Staring back at me was a bespectacled face -- quite a transformation from how she had looked only minutes ago. To my mind, she appeared even more attractive. To many others, she said, she looked more "serious" and therefore more credible.

"People think just because you wear makeup, just because you like to have your hair done in a certain way -- you are a bimbo. And I've had that attitude towards me not just from men but also women," explained Pema.

Pema grew up thinking there were equal opportunities for men and women in Bhutan. But she began to question her ideas while in college. As a girl's captain at Sherubtse College, the top college in Bhutan, she thought she'd be helping women articulate themselves. Instead, she found herself responsible for making sure there was tea for everyone at college events.

"Bhutan fares better than India, Pakistan and Bangladesh on the gender inequality index... this may be one of the reasons that women in Bhutan think that things aren't quite as bad for them."

Not surprisingly, a 2010 study in Sherubtse College found that only 29% of men thought that discrimination against women was a serious concern, compared to nearly half of all the women. Women overwhelmingly thought that there needed to be changes in the country to give them equal rights.

I struggled to reconcile the image of the free and empowered Bhutanese woman with what Pema and the stats told me. Pema diagnosed the root of my confusion. "The whole idea of Bhutanese women being matriarchs and women having all these opportunities... I don't think you grew up seeing too much of that in India."

Sure enough, Bhutan fares better than India, Pakistan and Bangladesh on the gender inequality index. Some think that this may be one of the reasons that women in Bhutan think that things aren't quite as bad for them. (Although it's also not the most gender sensitive nation in Southeast Asia. Sri Lanka and Myanmar have raced ahead of Bhutan on that parameter.)

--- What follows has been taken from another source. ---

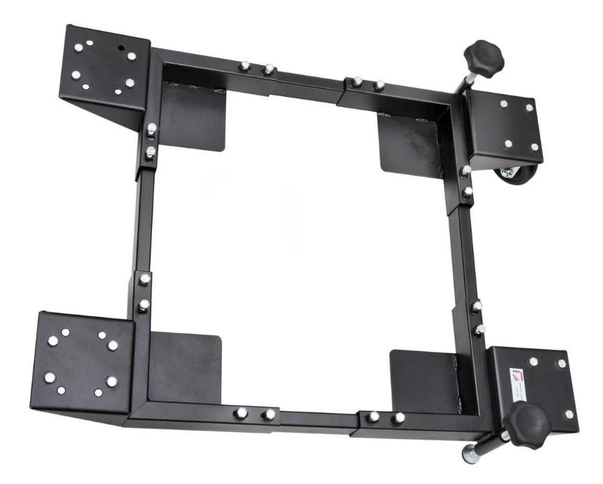 - Socle fabrique en tôle acier renforcé avec armoire pour le rangement d’outils.

"I would say we are do kadam agay (two steps ahead), literally," says Chador Wangmo, a children's book writer who recently wrote the novel La Ama, which delves into dark themes of incest, domestic violence and the abuse of girls at the hands of their teachers and family. "We, Bhutanese women, have remained complacent because we feel we are on a higher pedestal when compared to women in other countries."

But why does the world's happiest country have these problems? One of the biggest challenges, says Tandin Wangmo of the NGO RENEW, is that few want to admit that there is a problem. "We have this notion of a Gross National Happiness country... We are the happiest nation in the world. So in a happy nation, nothing can go wrong. That's not true. Like any other society in the world, we have our own challenges," says Tandin. Her organisation RENEW sees a new case of domestic violence walking into its office every day.

Hearteningly, women like Pema, Chador and Tandin and many others are speaking up. While the country's young government is working on bringing more women to colleges, elected offices and the workplace, many of Bhutan's women themselves are determined to change mindsets.

As Tandin says, "When men say they are kyep phoja (lucky enough to be born as a man), I say I am kyep mojha (lucky enough to be born as a woman). There is nothing wrong with being a woman -- I am proud of being a woman."

The writer was in Bhutan on the invitation of Mountain Echoes.